• **What you will do**:
Make an exact copy of the records, with the images left out.

[Raw data Boundary: Start]

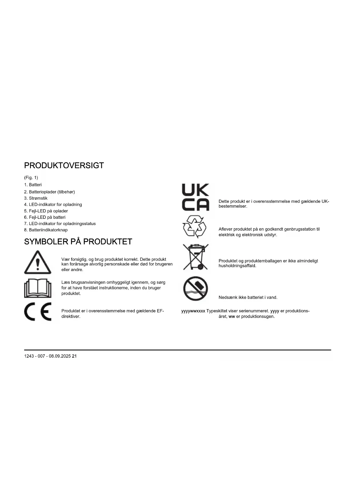 Vær forsigtig, og brug produktet korrekt. Dette produkt kan forårsage alvorlig personskade eller død for brugeren eller andre. Læs brugsanvisningen omhyggeligt igennem, og sørg for at have forstået instruktionerne, inden du bruger produktet. Produktet er i overensstemmelse med gældende EF- direktiver. Dette produkt er i overensstemmelse med gældende UK- bestemmelser. Aflever produktet på en godkendt genbrugsstation til elektrisk og elektronisk udstyr. Produktet og produktemballagen er ikke almindeligt husholdningsaffald. Nedsænk ikke batteriet i vand. yyyywwxxxx Typeskiltet viser serienummeret. yyyy er produktions- året, ww er produktionsugen. 1243 - 007 - 08.09.2025 21Bemærk: Andre symboler/mærkater på produktet henviser til certificeringskrav i visse handelsområder. Skader på produktet Vi er ikke ansvarlige for skader på vores produkt, hvis:
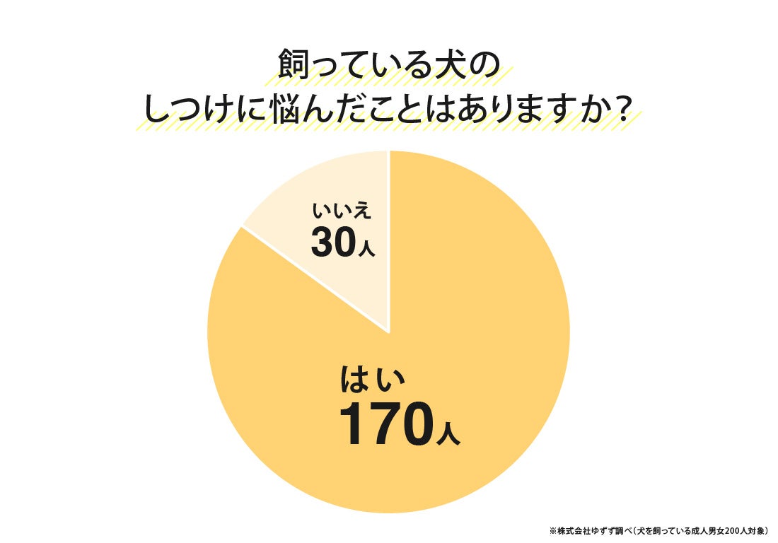 犬を飼っている成人男女200人を対象に「飼っている犬のしつけに悩んだことはありますか?」というアンケート調査を行った結果、全体の8割を超える人が「犬のしつけに悩んだことがある」と答えました。
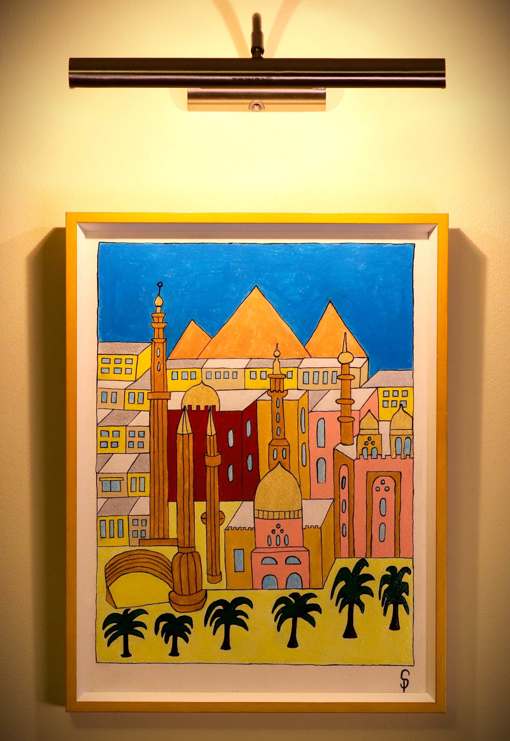 KÁHIRA, Egypt 2025 /Petr Salava – akryl, 30×40 cm, s rámem 32 x 42 cm/. Cena 7.000 Kč včetně žlutého rámu.
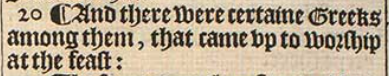 20 ¶ And there were certaine Greeks among them, that came vp to worship at the feast:
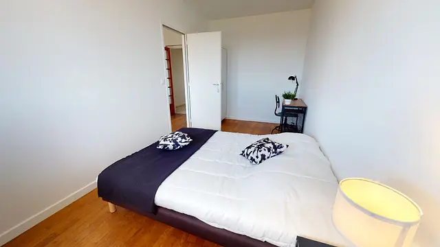 La chambre 1 de 12m2 , accessible par la salon, offre une vue dégagée et sans vis-à-vis et se compose d’un lit double, d’un bureau et une penderie.
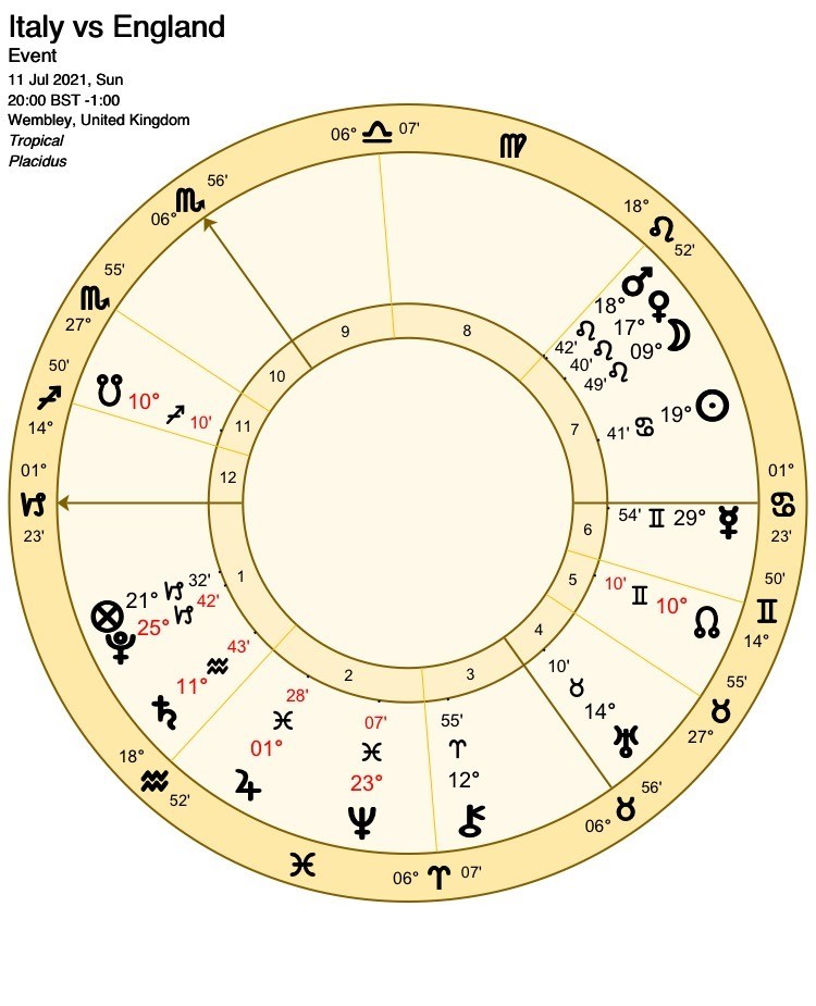 This is unfortunate for England supporters, as Jupiter although currently well-placed in his own sign of Pisces (traditional rulership), will shortly lose strength by moving retrograde into Aquarius. This can represent a loss of position or fall from grace, and although it did not seriously affect Italy’s performance in yesterday’s semi-final, it is a potentially negative testimony which cannot be ignored.
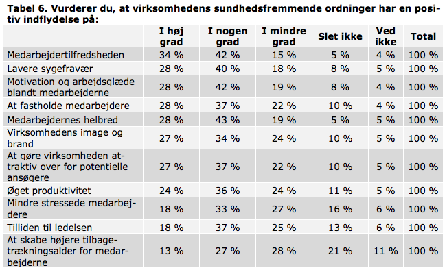 En undersøgelse fra Ledernes Hovedorganisation viser at lederne vurderer at sundhedsfremmende initiativer har flere positive gevinster (1*).
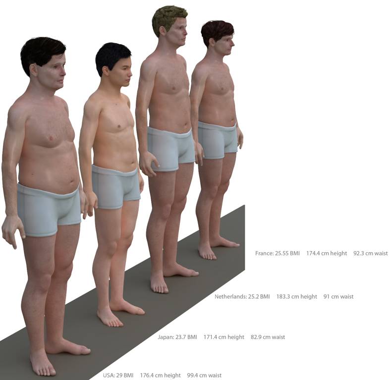 如果以美國、日本、荷蘭、法國為代表,一個位於平均水平的男性身體長下面這樣,他們的平均 BMI 值分別是 29、23.7、25.2、25.55 :
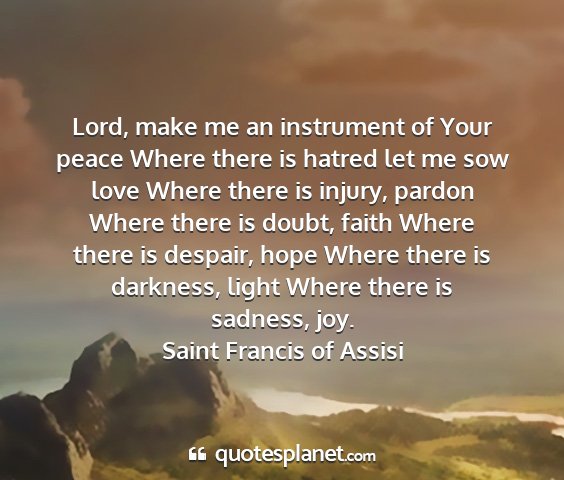 Lord, make me an instrument of Your peace Where there is hatred let me sow love Where there is injury, pardon Where there is doubt, faith Where there is despair, hope Where there is darkness, light Where there is sadness, joy.Saint Francis of Assisi

[Raw data Boundary: End]

• **Output of the task**:
 Vær forsigtig, og brug produktet korrekt. Dette produkt kan forårsage alvorlig personskade eller død for brugeren eller andre. Læs brugsanvisningen omhyggeligt igennem, og sørg for at have forstået instruktionerne, inden du bruger produktet. Produktet er i overensstemmelse med gældende EF- direktiver. Dette produkt er i overensstemmelse med gældende UK- bestemmelser. Aflever produktet på en godkendt genbrugsstation til elektrisk og elektronisk udstyr. Produktet og produktemballagen er ikke almindeligt husholdningsaffald. Nedsænk ikke batteriet i vand. yyyywwxxxx Typeskiltet viser serienummeret. yyyy er produktions- året, ww er produktionsugen. 1243 - 007 - 08.09.2025 21Bemærk: Andre symboler/mærkater på produktet henviser til certificeringskrav i visse handelsområder. Skader på produktet Vi er ikke ansvarlige for skader på vores produkt, hvis:
 犬を飼っている成人男女200人を対象に「飼っている犬のしつけに悩んだことはありますか?」というアンケート調査を行った結果、全体の8割を超える人が「犬のしつけに悩んだことがある」と答えました。
 KÁHIRA, Egypt 2025 /Petr Salava – akryl, 30×40 cm, s rámem 32 x 42 cm/. Cena 7.000 Kč včetně žlutého rámu.
 20 ¶ And there were certaine Greeks among them, that came vp to worship at the feast:
 La chambre 1 de 12m2 , accessible par la salon, offre une vue dégagée et sans vis-à-vis et se compose d’un lit double, d’un bureau et une penderie.
 This is unfortunate for England supporters, as Jupiter although currently well-placed in his own sign of Pisces (traditional rulership), will shortly lose strength by moving retrograde into Aquarius. This can represent a loss of position or fall from grace, and although it did not seriously affect Italy’s performance in yesterday’s semi-final, it is a potentially negative testimony which cannot be ignored.
 En undersøgelse fra Ledernes Hovedorganisation viser at lederne vurderer at sundhedsfremmende initiativer har flere positive gevinster (1*).
 如果以美國、日本、荷蘭、法國為代表,一個位於平均水平的男性身體長下面這樣,他們的平均 BMI 值分別是 29、23.7、25.2、25.55 :
 Lord, make me an instrument of Your peace Where there is hatred let me sow love Where there is injury, pardon Where there is doubt, faith Where there is despair, hope Where there is darkness, light Where there is sadness, joy.Saint Francis of Assisi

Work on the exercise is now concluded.